Then you calculate M_y and N_x, and if they're equal, then it's an exact equation.

So then, take Psi_x = M and Psi_y=N, and then integrate one of them with respect to its variable and add f(y) or f(x) if appropriate, then differentiate with respect to the other variable and set it equal to the other and solve for what should now be f'(y) after differentiating. Then you should be able to just plug in f(y) into the equation and you will have something using which you can solve for y. Integrating Factors
Say we have an equation of the form dy/dx + a(t)*y = p(t).

Well, what we can do is multiply the entire equation by μ(t)= e^integral(a(t)). And then we should have it that the left hand side is the result of the product rule, which means we can integrate both sides, and then solve for y.

Homogeneous Equation

If you look at the order of each of the terms, and they all have the same order (the order of xy is 2, as x^1 * y^1), then you know that its a homogeneous equation. It would look like the form M(x,y)dx+N(x,y)dy=0 (so you may think it's separable, but separation won't work).

If the equation can be written of the form dy/dx = F(y/x).
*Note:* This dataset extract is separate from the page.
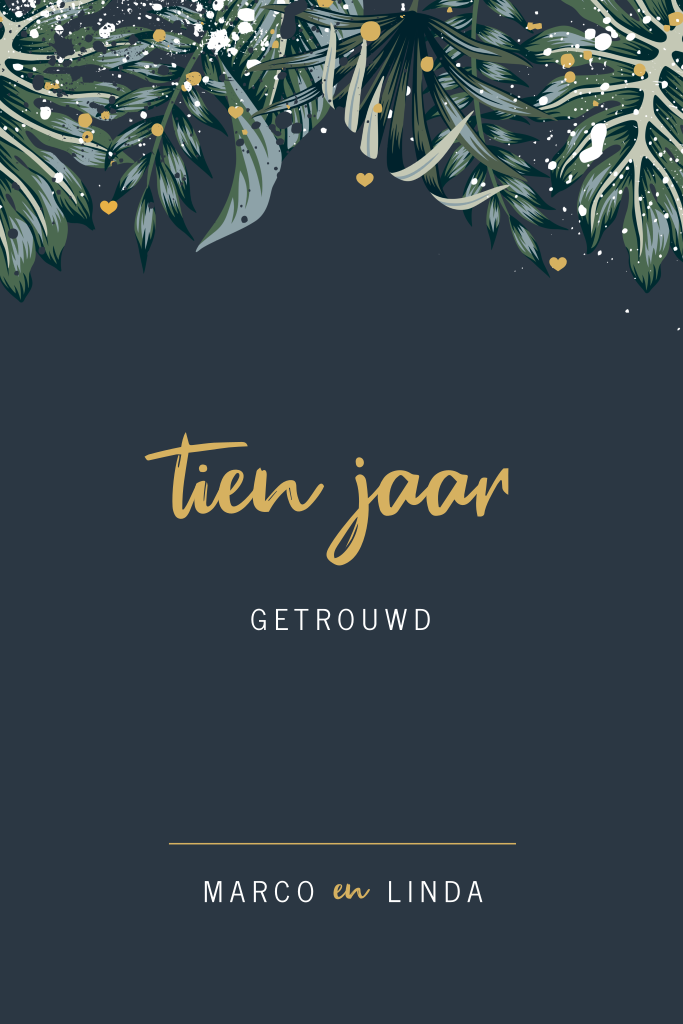 Al weer 10 jaar getrouwd! Met deze stijlvolle kaart met mooie botanische bladeren nodig je al je gasten uit voor jullie feest. Op deze uitnodiging een warme donkerblauwe achtergrond, mooie bladeren in verschillende groentinten en goudkleurige hartjes en spetters. De teksten in wit en goudkleur staan perfect in combinatie met de achtergrondkleur. Mocht je nog aanpassingen willen; bij deze 10 jaar getrouwd kaart voor een tinnen bruidspaar zijn kleuren, teksten en afbeeldingen eenvoudig aan te passen in onze editor.
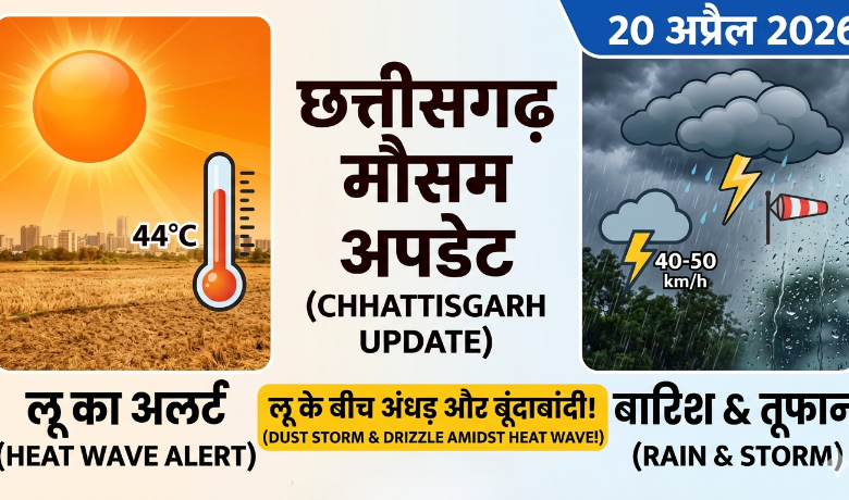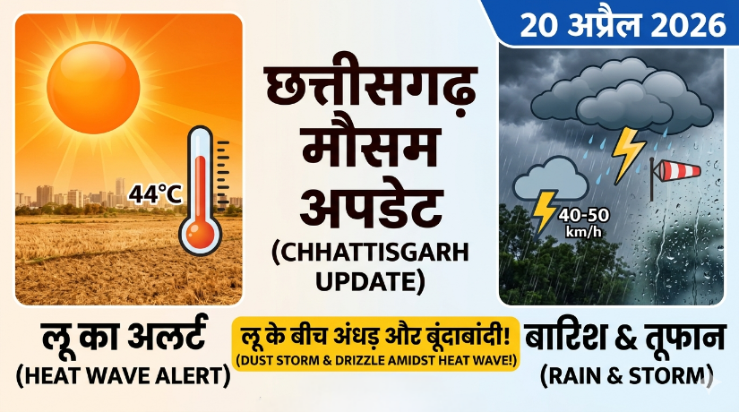 रायपुर: छत्तीसगढ़ में मौसम के दोहरे तेवर देखने को मिल रहे हैं। प्रदेश के कई हिस्सों में भीषण गर्मी और लू (Heat Wave) का सितम जारी है, वहीं दूसरी ओर मौसम विभाग ने गरज-चमक के साथ हल्की बारिश और तेज हवाओं की चेतावनी दी है। उत्तर प्रदेश से लेकर ओडिशा तक सक्रिय एक ट्रफ लाइन के प्रभाव से राज्य के मौसम में यह उतार-चढ़ाव बना हुआ है।

Note that you may have to divide the entire equation by x or by x^2 or x^n in order to make it of the form F(y/x)

Then substitute u=y/x, then you say y=ux, and then dy=udx+xdu, and then you can plug that into the original equation, to get things in terms of only u and x. (plug in u=y/x and dy=udx+xdu). Separate them so you have u's on one side and x's on the other, integrate and you're done.

Bernoulli Equation

If you have a y that's a large order, divide by that entire y^n so that that term becomes 1 or something. THen solve as a separable or homogenous.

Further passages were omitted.